Tariff – A tax on imports or exports, typically between two countries. It is a form of regulation of foreign trade and a policy that taxes foreign products to encourage or safeguard the domestic industry.
In recent years, governments have used tariffs as a form of protectionism. In 2018, the United States government began imposing tariffs on steel, aluminum, and lumber from a number of countries. Based on 2020 import levels, these tariffs currently impact over $410 billion of imports and exports. As of August 2021, the US is in talks with the EU to come to an agreement related to the 25% steel tariffs and 10% aluminum tariffs, with an agreement expected by November 2021. The US and China, on the other hand, do not appear to be close to resolving the trade issues that lead to the tariffs, and the Biden administration has not and has no plans to reduce or eliminate the tariffs on China’s goods at this point.
- aware of these tariffs
- the challenges they could bring
- have strategies in place to address these challenges
Impact of Tariffs on Construction Businesses
- Increases in material costs.
As tariffs are an additional tax on the imported materials, the cost of these materials will increase, leading to increased job costs for your construction business. If they cannot be passed to the customer, they will go directly to the bottom line.
- Volatility in pricing.
As the government is in control of the tariff policies, at any time there may be changes to the rate or it may be removed completely. Being unable to accurately predict this pricing, may have a negative impact on contracts and budgets, which were completed under different scenarios.
- Delays in receipt of materials and project completion.
Tariffs often lead to delays in receipt of materials as processing times at ports of entry typically become longer. Large projects, which had their scheduling completed prior to the tariffs, may face difficulties in reaching completion.
- Changes in supply chain or lack of materials.
Tariffs may lead to your vendor’s prices increasing to where you cannot afford them. You may need to shop around for the best price. This could lead to difficulties working with a new vendor, decreased reliability in receiving materials, or having to settle for the increased costs. Tariffs may also affect the number or type of choices for material specifications for a project, as there may only be a few types of materials in the desired price range.
5 Strategies to Mitigate Tariff Challenges
- Escalation Clauses
An escalation clause is a provision in a contract calling for adjustments in fees, wages, or other payments to account for fluctuations in the costs of raw materials or labor. As it relates to tariffs, an escalation clause may be included in a contract to shift the burden of increased material costs from the contractor to the customer.
- Supply Bonds
Supply bonds are used to provide a guarantee that a supplier will deliver the promised materials on time. Securing supply bonds upfront, will mitigate the risk of materials not being delivered if a large tariff is imposed on the vendor in between the time of the signing of the contract and the time of delivery.
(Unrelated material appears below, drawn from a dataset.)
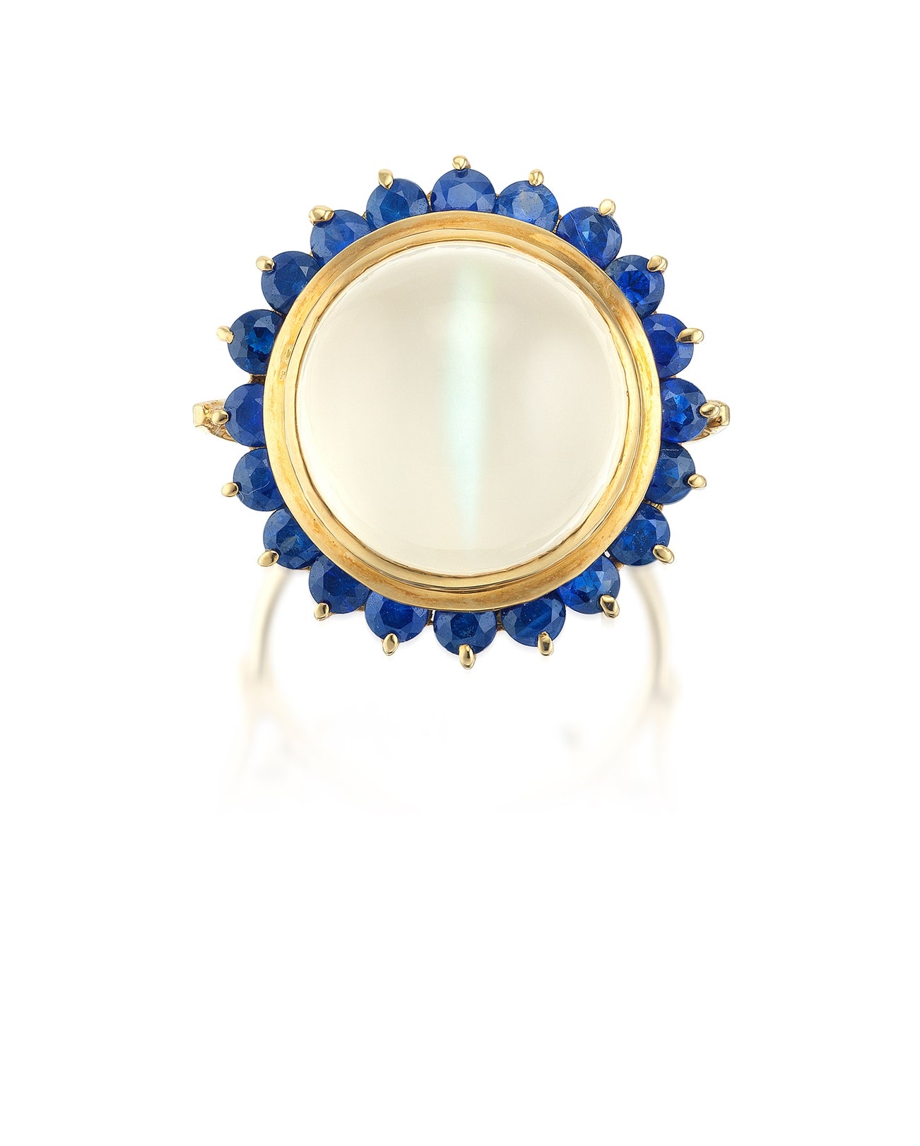 Collet-set with a cat's eye moonstone, within a circular-cut sapphire surround, mounted in yellow gold, size 6¾.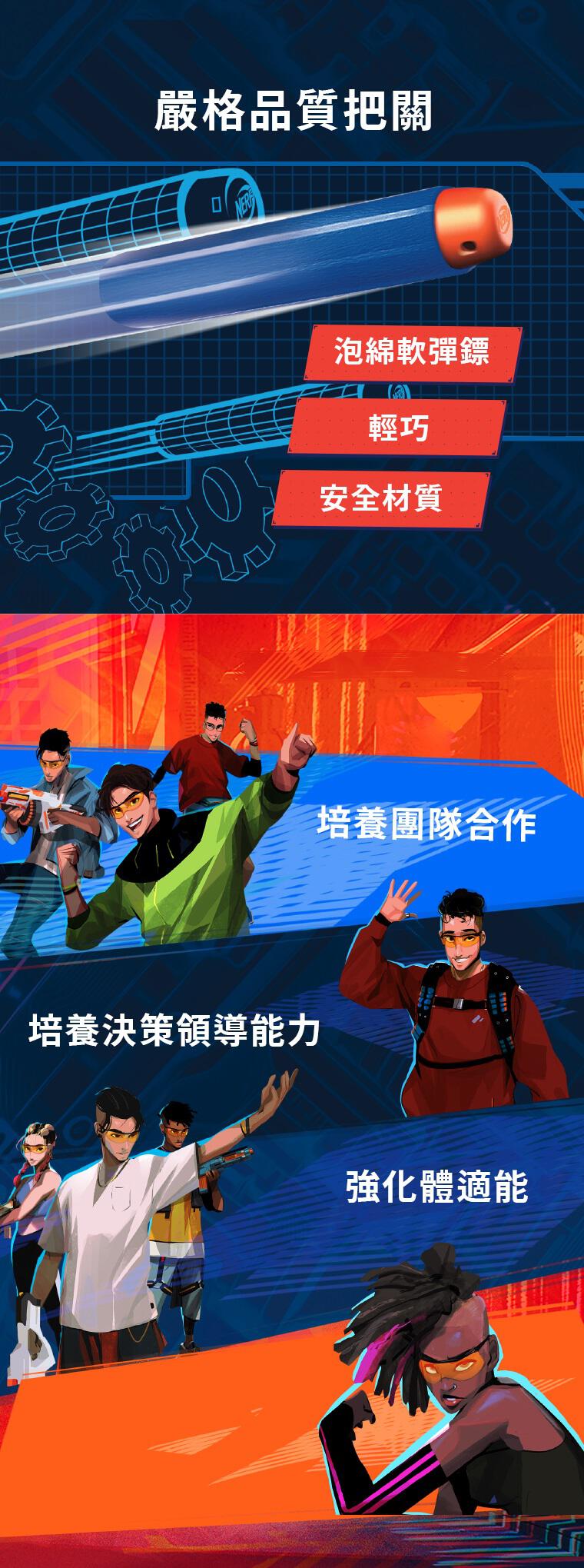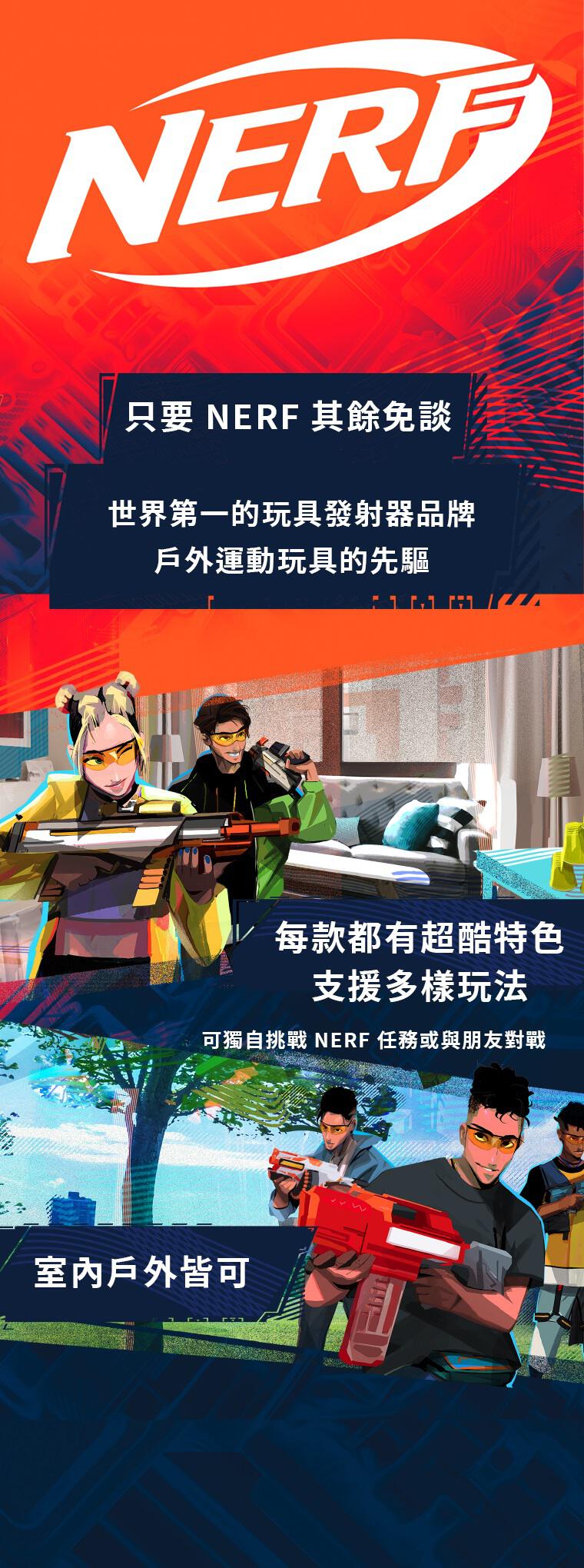 - 史上最大的 Nerf 超級系列彈鏢:透過發射出史上最大 Nerf 超級系列彈鏢的 Nerf 超級系列加大型發射器,提升 Nerf 大戰的規模!

- Subcontractor Default Insurance
Subcontractor Default Insurance may be used to recoup costs incurred from a default in performance by a subcontractor. If tariffs affect a subcontractor to a point where they are unable to fulfill their performance requirements, this will help to protect the contractor.
- Tariff Exclusions
To help lessen the impact for certain companies who were greatly affected by the recent tariffs, in 2020 the US Trade Representative offered an exclusion on tariffs on certain goods imported from China. Companies could request the exclusion, however, they must show the tariffs are causing their business economic harm, as well as show the product is only available in China. These exclusions typically last for a 12-month period. The exclusions currently in effect are set to expire on September 30, 2021, however, the US Trade Representative is under pressure from many stakeholders to open the process up again for new applicants.
- Stay Up-to-Date
Keep track of current and future proposed tariffs. This will help your construction business improve planning and allow you to get in front of the challenges discussed above.